(Data items)
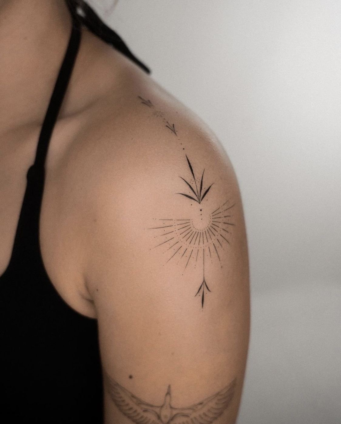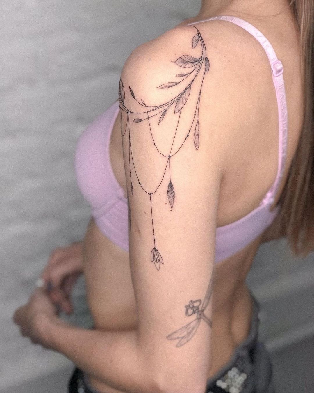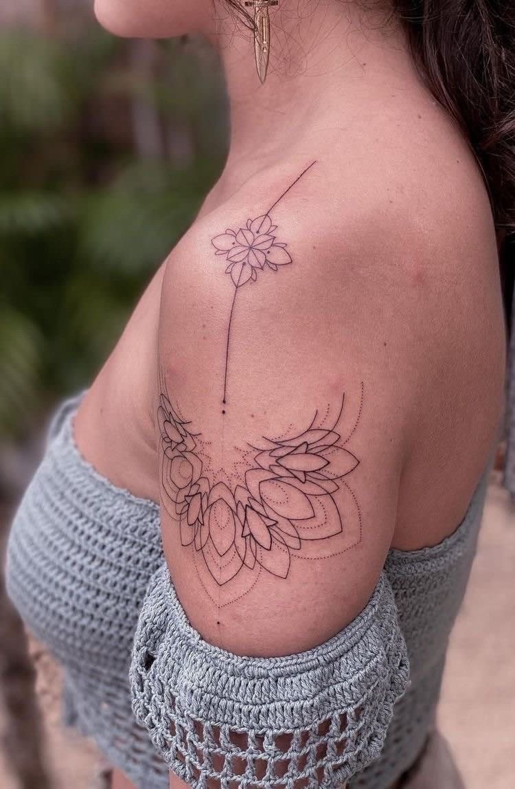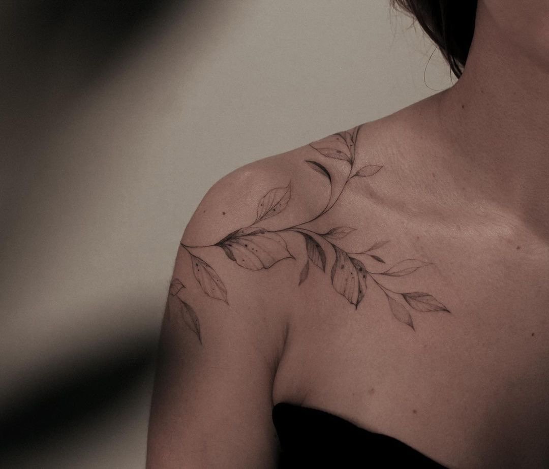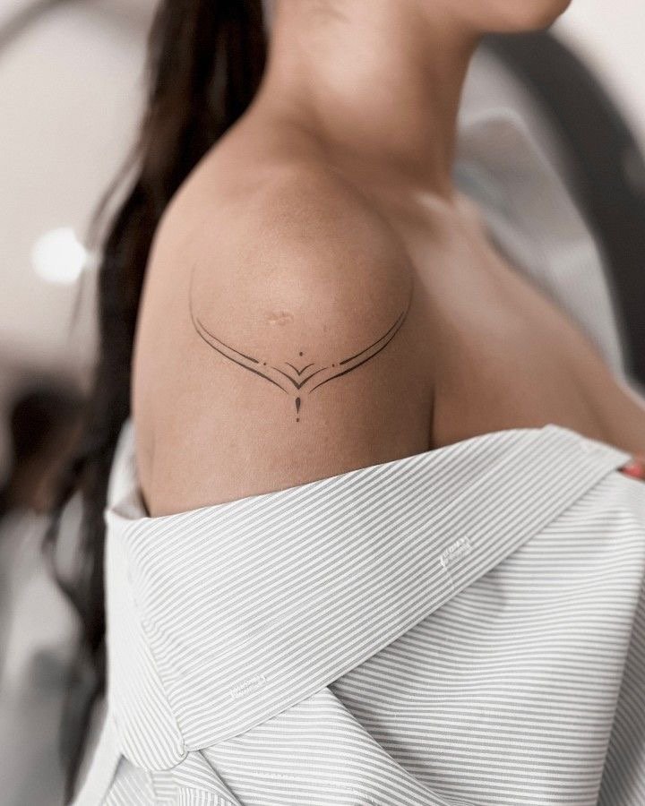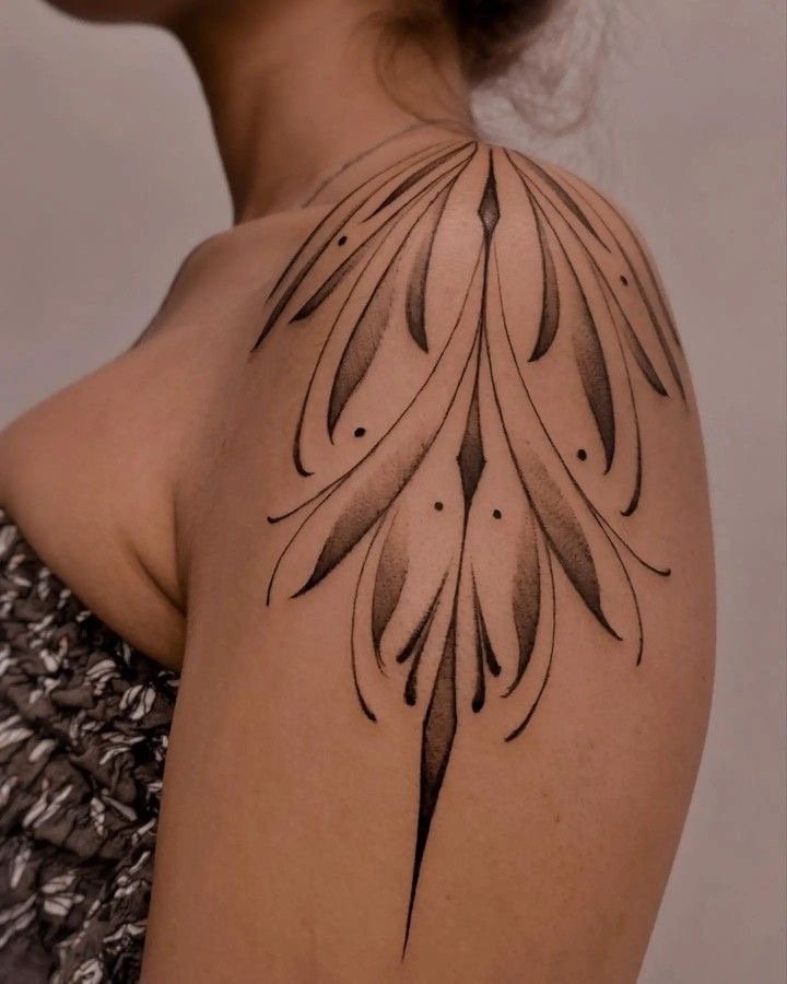 - Плече ідеально підходить для тату з м’якими вигинами чи симетричними формами, які гармонійно доповнять силует. Елемент може бути помітним або акуратно приховуватися під одягом.
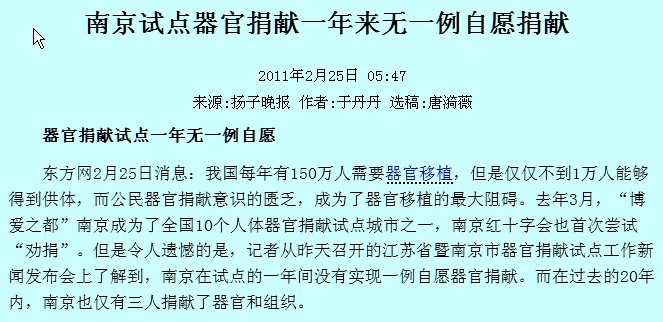 【明慧网二零一一年三月八日】(明慧记者荷雨综合报导)二零一零年二月二十五日,《扬子晚报》报导,据日前召开的江苏省暨南京市器官捐献试点工作新闻发布会信息,自去年三月成为全国十个人体器官捐献试点城市之一以来,南京整年来没实现一例自愿器官捐献,并且在过去的二十年内,南京也仅有三人捐献了器官组织。这与支撑中国这个器官移植大国所需器官数量的巨大反差再度引起世人的关注和质疑。
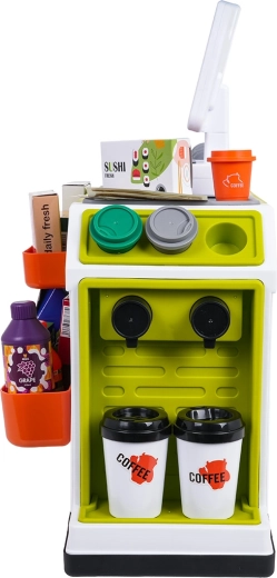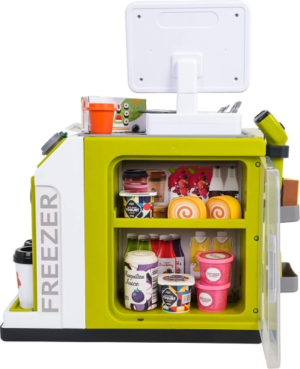 Le set est fabriqué en plastique de qualité, durable et aux couleurs vives. Inclus : une machine à café avec capsules et gobelets, de nombreux emballages d’« aliments » et des compartiments pratiques pour un rangement ordonné. Le scanner dispose d’effets lumineux et sonores, la caisse émet des sons à l’appui des boutons et lors du paiement par carte.
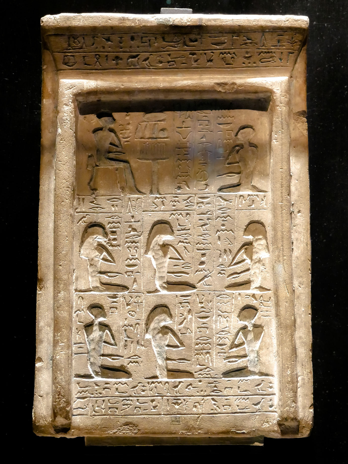 Diese meist hochrechteckigen Grabsteine werden in der 2. Dynastie abgelöst von querrechteckigen Steinplatten, sein erhabenen Relief erstmals die „Speisetischszene“ als zentrales Motiv zeigen, die die Versorgung der Verstorbenen mit Nahrungsmitteln im Jenseits garantieren soll.
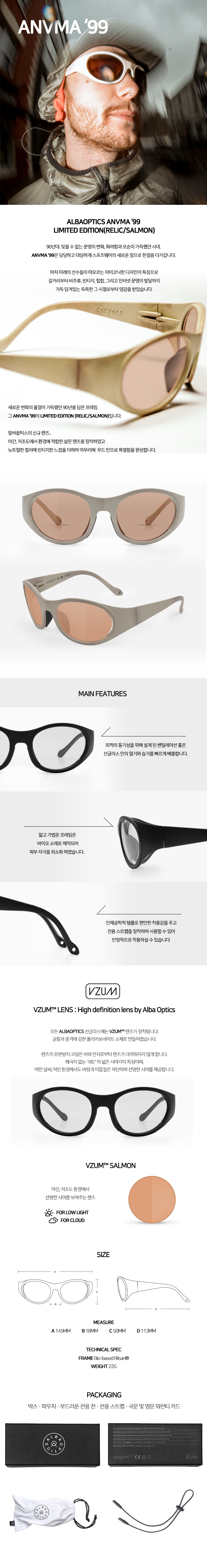 알바옵틱스 애니마 '99 리미티드 에디션 레릭/살몬 모델입니다.살몬 렌즈는 야간, 저조도 환경에서 선명한 시야를 보여주는 렌즈 입니다.

> [What the task asks] A verbatim copy of the records is needed, with all images omitted.

> [Response area]
 - Плече ідеально підходить для тату з м’якими вигинами чи симетричними формами, які гармонійно доповнять силует. Елемент може бути помітним або акуратно приховуватися під одягом.
 【明慧网二零一一年三月八日】(明慧记者荷雨综合报导)二零一零年二月二十五日,《扬子晚报》报导,据日前召开的江苏省暨南京市器官捐献试点工作新闻发布会信息,自去年三月成为全国十个人体器官捐献试点城市之一以来,南京整年来没实现一例自愿器官捐献,并且在过去的二十年内,南京也仅有三人捐献了器官组织。这与支撑中国这个器官移植大国所需器官数量的巨大反差再度引起世人的关注和质疑。
 Le set est fabriqué en plastique de qualité, durable et aux couleurs vives. Inclus : une machine à café avec capsules et gobelets, de nombreux emballages d’« aliments » et des compartiments pratiques pour un rangement ordonné. Le scanner dispose d’effets lumineux et sonores, la caisse émet des sons à l’appui des boutons et lors du paiement par carte.
 Diese meist hochrechteckigen Grabsteine werden in der 2. Dynastie abgelöst von querrechteckigen Steinplatten, sein erhabenen Relief erstmals die „Speisetischszene“ als zentrales Motiv zeigen, die die Versorgung der Verstorbenen mit Nahrungsmitteln im Jenseits garantieren soll.
 알바옵틱스 애니마 '99 리미티드 에디션 레릭/살몬 모델입니다.살몬 렌즈는 야간, 저조도 환경에서 선명한 시야를 보여주는 렌즈 입니다.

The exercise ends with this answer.